TASK: Once you reach the line with "Confeccionado em tule", copy it and every line after it exactly, up to the end of the data. Omit the pictures.

Stored items:
□ □ □ □ □

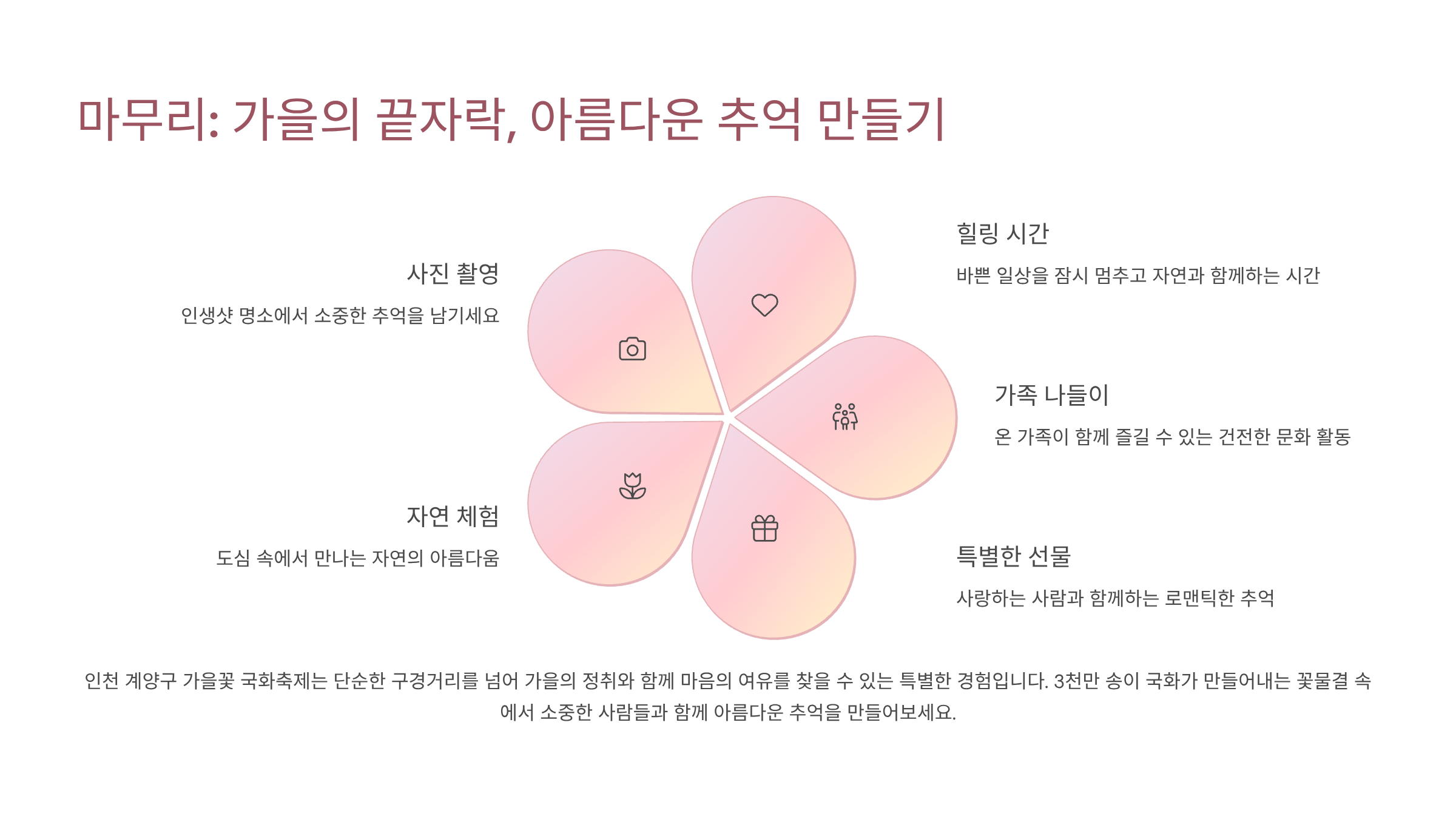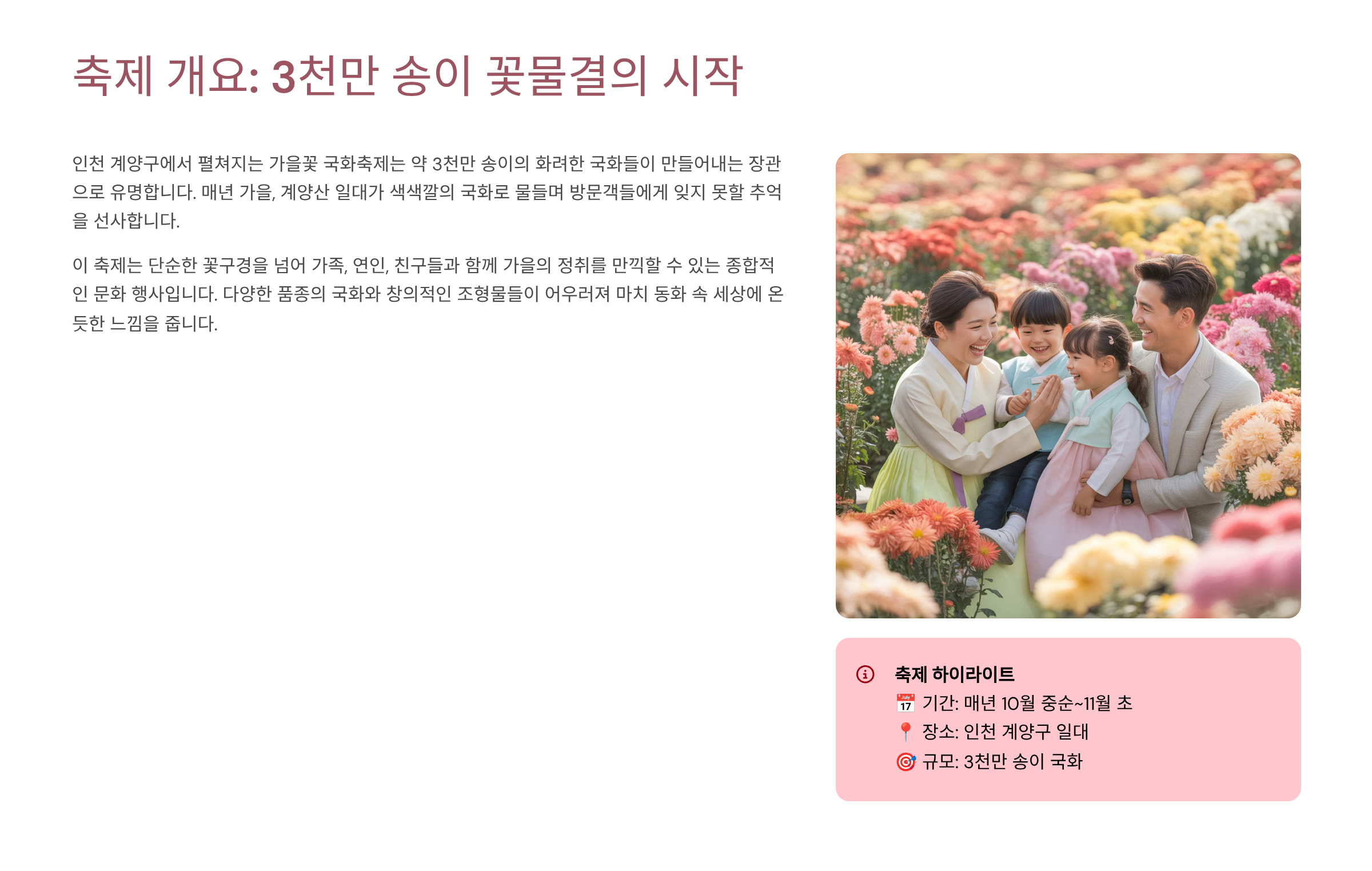 지금까지 인천 계양구 가을꽃 국화축제에 대한 모든 것을 자세히 살펴보았습니다. 이번 축제는 단순히 꽃을 구경하는 것을 넘어, 사랑하는 사람들과 함께 가을의 정취를 느끼고 특별한 추억을 만들 수 있는 소중한 시간이 될 것입니다. 3천만 송이의 꽃이 만들어내는 장관은 물론, 다양한 체험 프로그램과 야간 빛의 거리까지, 낮과 밤 모두 즐길 거리가 풍부하게 마련되어 있습니다. 축제 방문을 계획하고 계신다면 이 글이 여러분의 완벽한 가이드가 되기를 바랍니다. 특히, 축제의 핵심 주제인 '가족의 의미와 사랑의 소중함'을 생각하며 방문한다면 더욱 깊은 감동을 느낄 수 있을 것입니다.
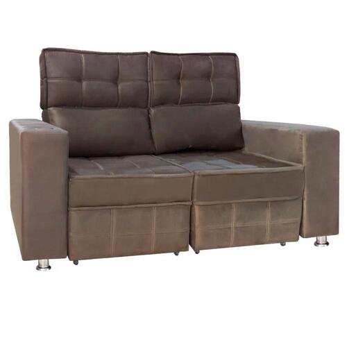 Sofá Retrátil E Reclinável 2 Lugares Londres 1.60cm Com Molas Suede Speciale Home Marrom O sofa Londres e retratil e reclinavel, ideal para quem busca conforto. Possui estrutura de madeira e assento e encosto revestidos em tecido macio, que proporciona uma agradavel sensacao ao toque. E reclinavel, o que permite ajustar a posicao de acordo com as necessidades, e retratil, o que facilita o manuseio. Caracteristicas do Produto: Material da Estrutura: Madeira de eucalipto (Reflorestamento) Assento em Espuma: D-20 Encosto em Espuma: Fibra Siliconada com Flocos Bracos em Espuma: D-12 Possui 4 Pes de PVC com pintura cromada. Sustentacao do encosto e assento com Percintas elasticas. Bracos com chapa de mdf Fixacao com grampos Galvanizados Encosto Removivel Mecanismo Retratil no assento Catraca no encosto Rodizios em gel
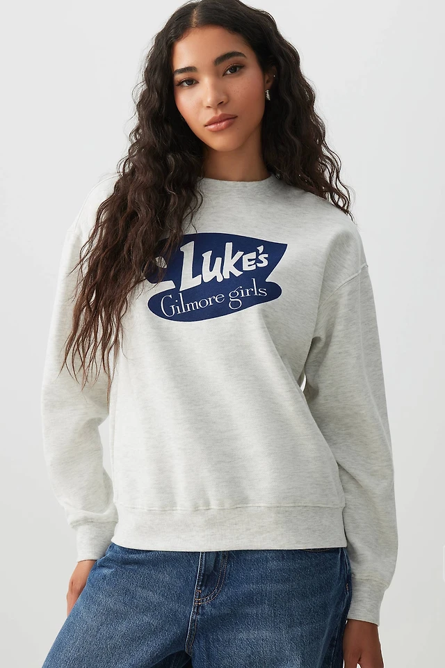 Ardene Gilmore Girls Sweatshirt in Light Grey | Size Medium | Polyester/Cotton/Elastane | Fleece-Lined
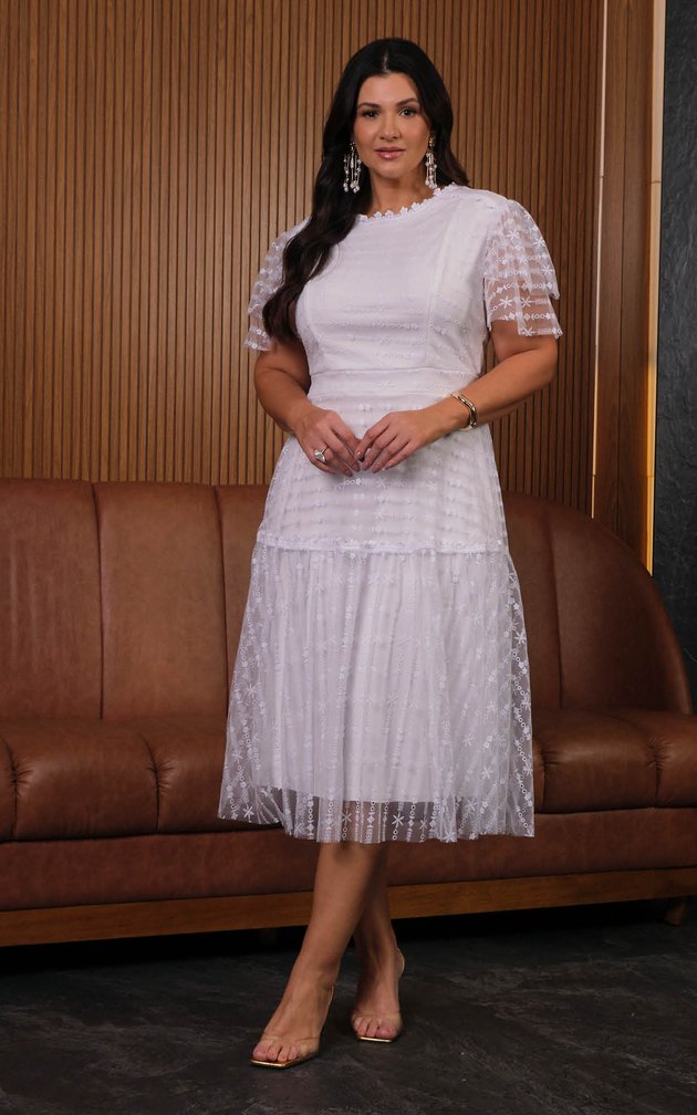 Confeccionado em tule bordado de textura delicada, este vestido traduz a essência da feminilidade com sofisticação. A gola e a saia com detalhes em renda agregam requinte artesanal, enquanto o lastex nas costas proporciona conforto e caimento impecável. Ideal para ocasiões que pedem leveza, elegância e sutileza nos detalhes.
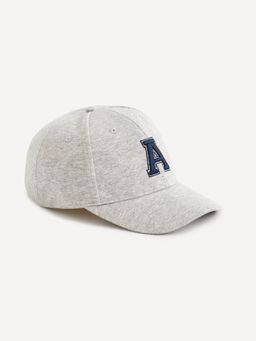 Čepice ze 100% bavlněného fleecového žerzeje s písmenem na přední straně.
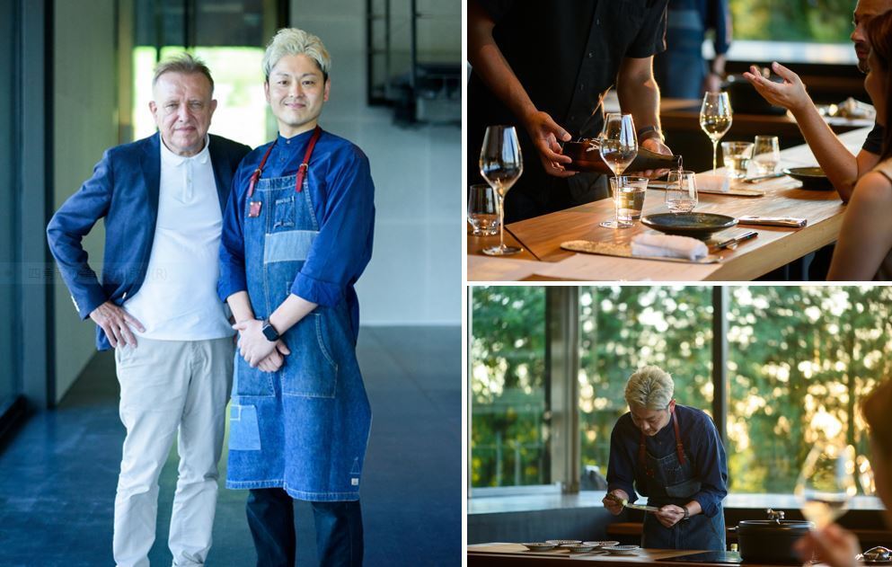 ドン ペリニヨンの元醸造最高責任者リシャール・ジョフロワが率いる酒蔵「日本酒 IWA」。レセプションでは、能登牛料理人・登るやオーナー道淵シェフの能登牛料理を提供されています。

□ □ □ □ □

WORKED SOLUTION:
 Confeccionado em tule bordado de textura delicada, este vestido traduz a essência da feminilidade com sofisticação. A gola e a saia com detalhes em renda agregam requinte artesanal, enquanto o lastex nas costas proporciona conforto e caimento impecável. Ideal para ocasiões que pedem leveza, elegância e sutileza nos detalhes.
 Čepice ze 100% bavlněného fleecového žerzeje s písmenem na přední straně.
 ドン ペリニヨンの元醸造最高責任者リシャール・ジョフロワが率いる酒蔵「日本酒 IWA」。レセプションでは、能登牛料理人・登るやオーナー道淵シェフの能登牛料理を提供されています。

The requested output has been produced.